FIGURE 1.

FBS activates cPLA2α and induces LD biogenesis in the presence of BAPTA-AM or U73122. A, Ca²⁺ responses of serum-starved, fura-2/AM-loaded CHO-K1 cells under control conditions (continuous line) or after pretreatment with 45 μm BAPTA-AM (circles) or 10 μm U73122 (triangles) for 30 min before fluorescence measurements were started. At the time indicated, 7.5% FBS was added. B and C, Western blots of serum-starved CHO-K1 pretreated with 45 μm BAPTA-AM or 10 μm U73122 during 30 min and then stimulated with 7.5% FBS for 15 min (B) or 6 h (C).
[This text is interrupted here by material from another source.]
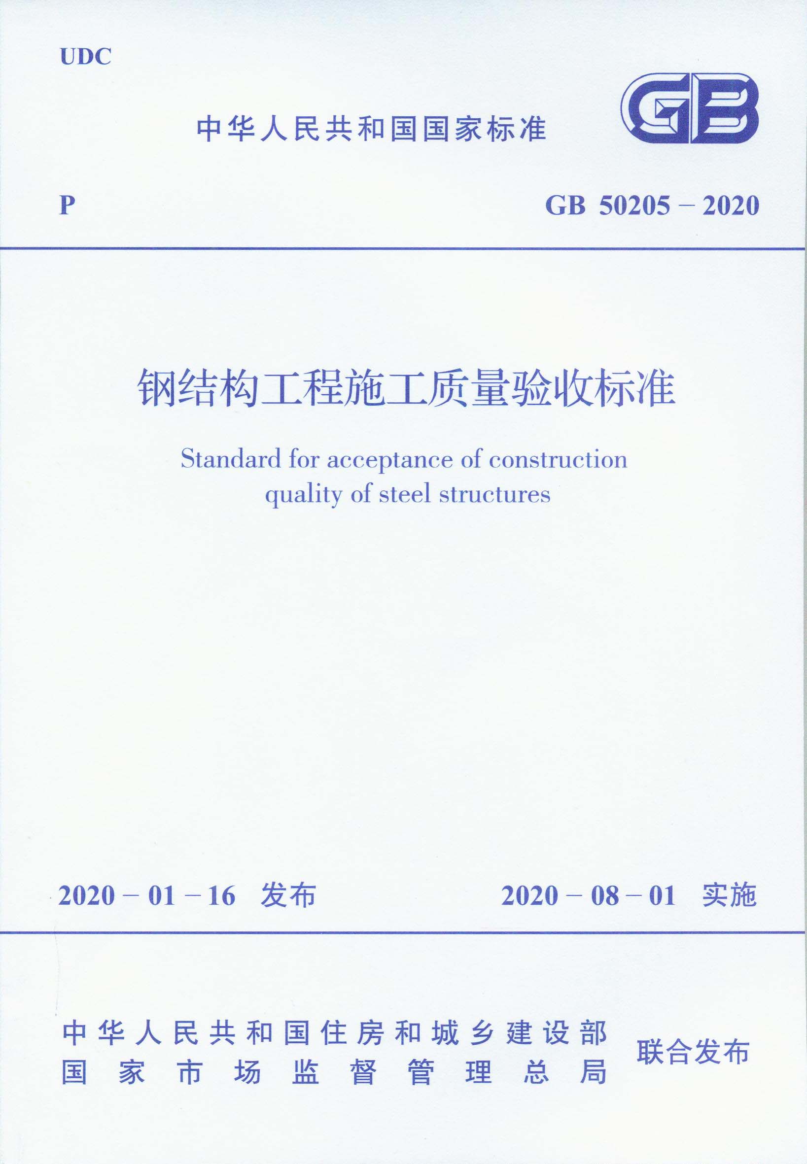 主编单位:中冶建筑研究总院有限公司、中建八局第二建设有限公司 批准部门:中华人民共和国住房和城乡建设部 中心参编人员:马德志 主要内容:《钢结构工程施工质量验收标准》GB 50205-2020共分为14章和9个附录,主要技术内容是:总则,术语和符号,基本规定,原材料及成品验收,焊接工程,紧固件连接工程,钢零件及钢部件加工,钢构件组装工程,钢构件预拼装工程,单层、多高层钢结构安装工程,空间结构安装工程,压型金属板工程,涂装工程和钢结构分部竣工验收等。
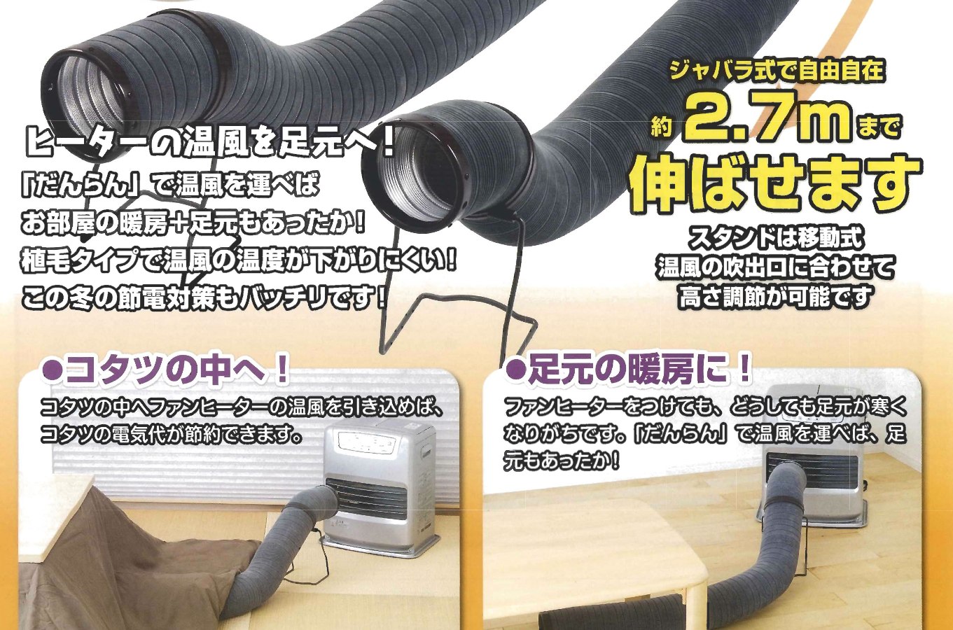 ファンヒーターから出た温風をこたつ等の中に呼び込んで温めるダクトです。

D, cPLA₂ activity measured after the radioactivity was released to the medium of serum-starved CHO-K1 cells that had been prelabeled during 24 h with 0.5 μCi/ml [³H]arachidonic acid, then washed, and treated with 45 μm BAPTA-AM, 10 μm U73122, and/or 10 μm MAFP for 30 min before a 15-min stimulation with 7.5% FBS. E, indirect quantification of LD in serum-starved CHO-K1 cells that had been pretreated for 30 min with 10 μm U73122 and/or MAFP and then stimulated with 7.5% FBS for 6 h. Cells were fixed and stained with Nile red to quantify LD by flow cytometry. Fluorescence intensities in FL1 were quantified as the median values of each event distribution. Results in C and D are means ± S.E. of three independent experiments. *, significantly different (p < 0.01) from controls.